The 2000s have seen the beginnings of the applications of nanotechnology in commercial products, although most applications are limited to the bulk use of passive nanomaterials. Examples include titanium dioxide and zinc oxide nanoparticlesin sunscreen, cosmetics and some food products; silver nanoparticles in food packaging, clothing, disinfectants and household appliances such as Silver Nano; carbon nanotubes for stain-resistant textiles; and cerium oxide as a fuel catalyst. As of March 10, 2011, the Project on Emerging Nanotechnologies estimated that over 1300 manufacturer-identified nanotech products are publicly available, with new ones hitting the market at a pace of 3–4 per week.
One of the major applications of nanotechnology is in the area of nanoelectronics with MOSFET's being made of small nanowires ≈10 nm in length.
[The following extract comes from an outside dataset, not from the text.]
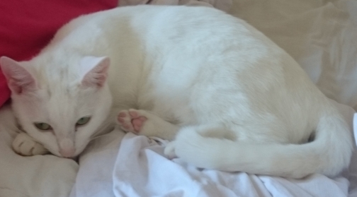 Description :vanille chatte blanche sans tache , blanche uni aux yeux vert clair .elle est stérilisée .merci .

Here is a simulation of such a nanowire.
Nanotechnology is being used in developing countries to help treat disease and prevent health issues. The umbrella term for this kind of nanotechnology is Nanomedicine.
Nanotechnology is also being applied to or developed for application to a variety of industrial and purification processes. Purification and environmental cleanup applications include the desalination of water, water filtration, wastewater treatment, groundwater treatment, and other nanoremediation. In industry, applications may include construction materials, military goods, and nano-machining of nano-wires, nano-rods, few layers of graphene, etc. Also, recently a new field arisen from the root of Nanotechnology is called Nanobiotechnology. Nanobiotechnology is the biology-based, application-oriented frontier area of research in the hybrid discipline of Nanoscience and biotechnology with an equivalent contribution.
The Future For Nonotechnology
From cancer-detecting sensors to polymer materials that regrow burned skin, nanotechnology holds plenty of promise to fix human defects
Nanotechnology is expected to change the world by transforming biology, chemistry, computing, communications, engineering and materials science.
The big challenge is to understand the technology well enough to limit risks to the environment, health and safety. Humans don’t have a good track record of coming to terms with technology before it is implemented, and business people, rightly or wrongly, tend to focus on money-making first and foremost and leave “clean up” for future generations. Attempts to regulate nanotechnology and emerging fields like it are highly controversial as overregulation tends to strangle new ideas in their infancy.